Council members had been asked to arrive in Lusaka prepared to discuss the crucial issues facing their provinces and churches. They were also asked in advance to consider the shape of discipleship in their provinces in the context of the Five Marks of Mission and what it means to live in a world of differences.

Meeting in table groups inside the Cathedral of the Holy Cross where the gathering is being held, each member described his or her context, and the table as a whole reported to the Rev. Canon Phil Groves of the Anglican Communion Office staff. Later in the day he read out a summary of the table reports. There was, he said, a remarkable commonality to the issues the members reported.

What Groves called the “mass movement of peoples” – be they refugees, migrants, internally displaced persons or those who have been trafficked – faces nearly every one of the Anglican Communion’s 38 provinces. Many countries are experiencing such movement for the first time, while others are coping with an increase in the volume of migrating people and others are the source of people forced to leave their homes, he said.

“Cultures of violence” are found across the communion, Groves said. Certain countries are at war and others live in fear of war breaking out. Some members described violence brought on by racism, especially in what Groves described as countries that are perceived as peaceful. Reports of gun violence came from places as disparate as South Sudan and the United States, he said. There is great concern about violence against women.

Climate change was another common concern, with some churches facing the need to resettle people whose island homes are submerged by rising sea levels and others worry about floods and droughts. Groves noted that wealthy people might have more protection against the effects of climate change but the people on the margins are most vulnerable. Many of the vulnerable are indigenous people and many of those are Anglicans, he said.

“They are us; they’re our body of Christ,” he said. “We’re not talking about ‘them’ being effected; we are being effected.”

The disparity of wealth around the world was noted by many members, Groves said, and not just in terms of how to help the poor but how to respond to the growing gulf being rich and poor.

While issues such as migration, climate change, violence and income inequality raise the question of how the church can change the society in which it lives, Groves acknowledged that to some the answer might “seem perhaps like the social gospel.”

However, many ACC members pointed to evangelism as the answer. “We have to talk about evangelism not as in competition to the social gospel” but rather, using the Five Marks of Mission as a lens, turning towards forming disciples.
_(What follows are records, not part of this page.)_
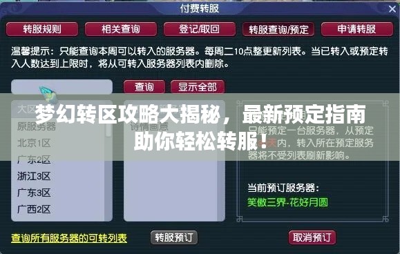 夢幻轉(zhuǎn)區(qū)攻略大揭秘,最新預(yù)定指南助你輕松轉(zhuǎn)服!
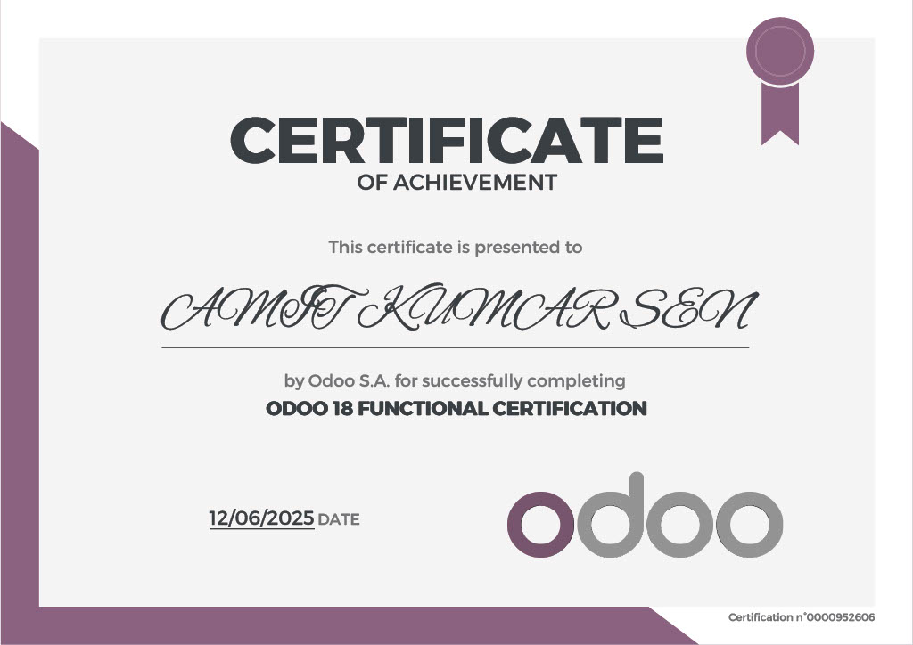 ODOO V18 FUNCTIONAL CERTIFICATION - AMIT SEN, 2025
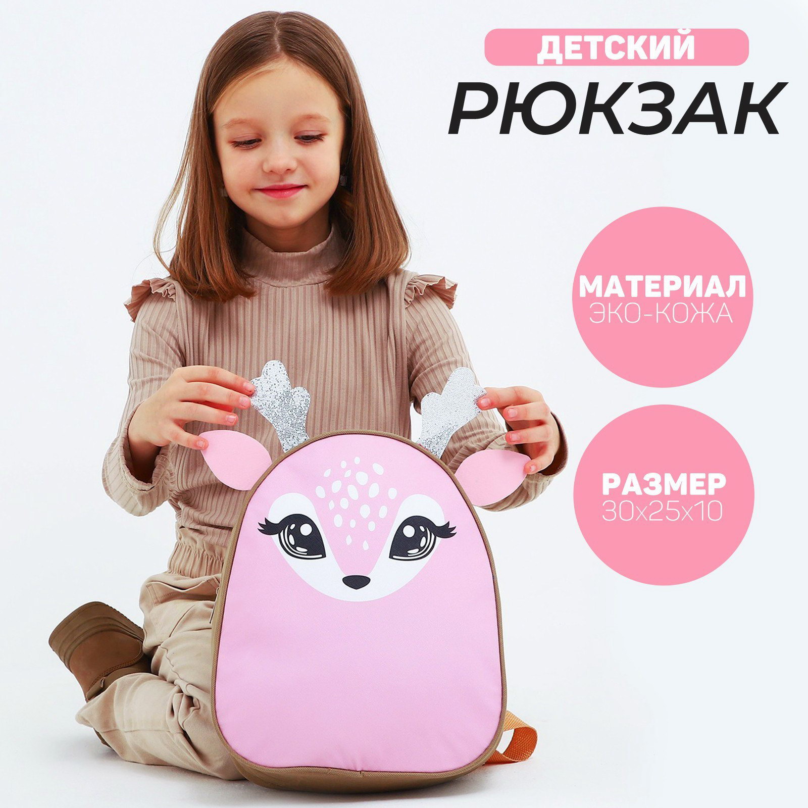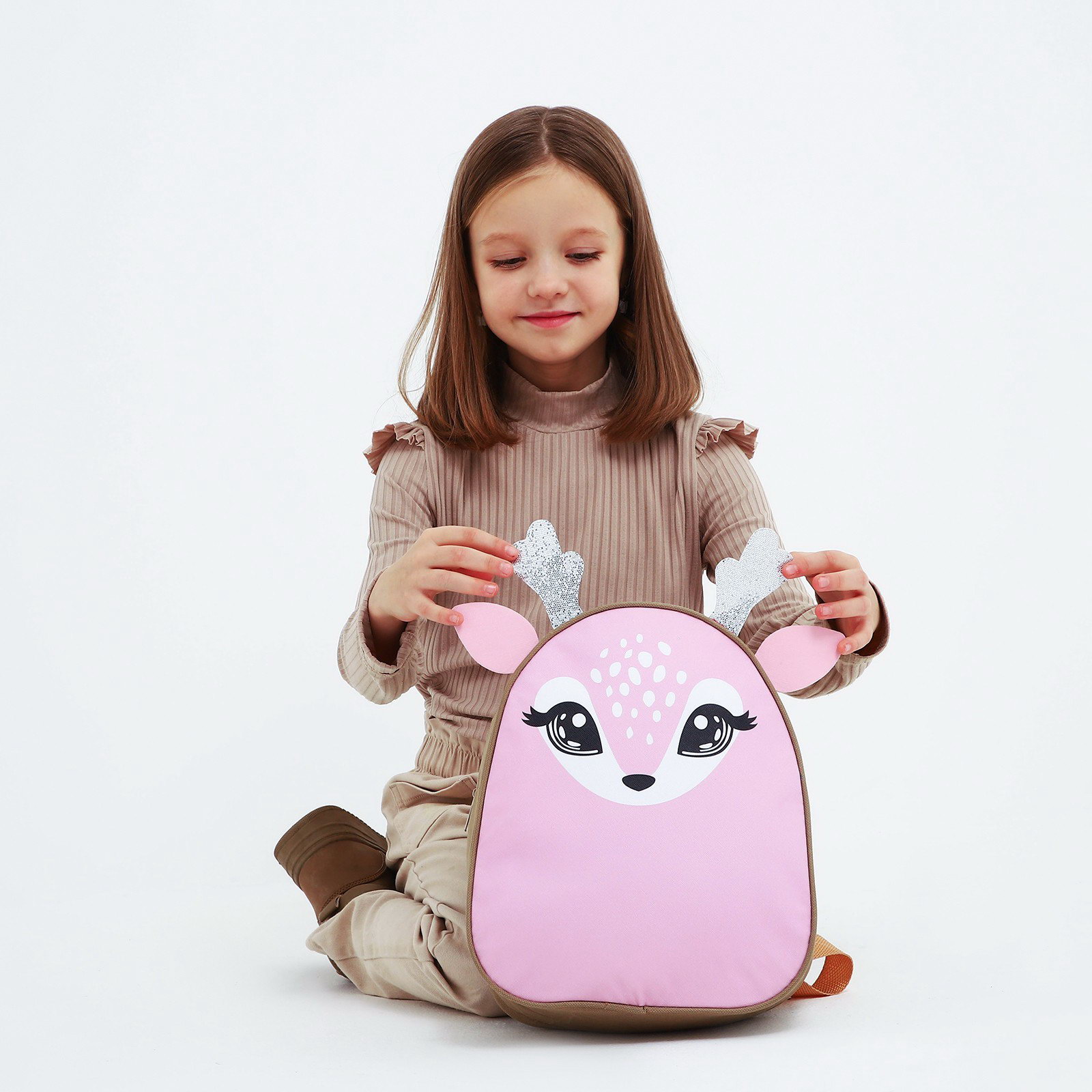 Рюкзак детский из искусственной кожи "Олененок", 30x25 см, розовый, 30x10x25 см., NAZAMOK KIDS, Китай

Groves said one member wrote that the challenge is about “changing the Sunday contract” and others asked “how are we going to proclaim the gospel in a culture of indifference.”

Connected to changing the Sunday contract, Groves said a member from South Africa reported that “when things are bad in our country people look to the Anglican Church for leadership.” Another member, he said, suggested that the church “has to lead counter-cultural revolution” in countries with poor political situations.

In many of those poor political situations, corruption is rampant and one member said it leads to poverty and poverty leads to violence. “Our political leaders are corrupt but 60 percent of them are Anglican,” Groves said one member reported. “They come to worship on a Sunday and then on a Monday they go out and do bad things.”

Other issues that arose in the table discussions, according to Groves, were ecumenical and interfaith relations; the problems faced by minorities and youth; the problems cause by tribalism; urbanization and secularization of societies; educating and resourcing clergy; and the need to train church leaders about how to safeguard their people against sexual harassment and assault.

The communion’s differences over issues of human sexuality were named, but much less frequently than the other issues, Groves said. “But they are there and they are not only about LGBTI people; also raised were issues of polygamy and also, I suspect, about the sanctity of marriage.”

– The Rev. Mary Frances Schjonberg is an editor/reporter for the Episcopal News Service.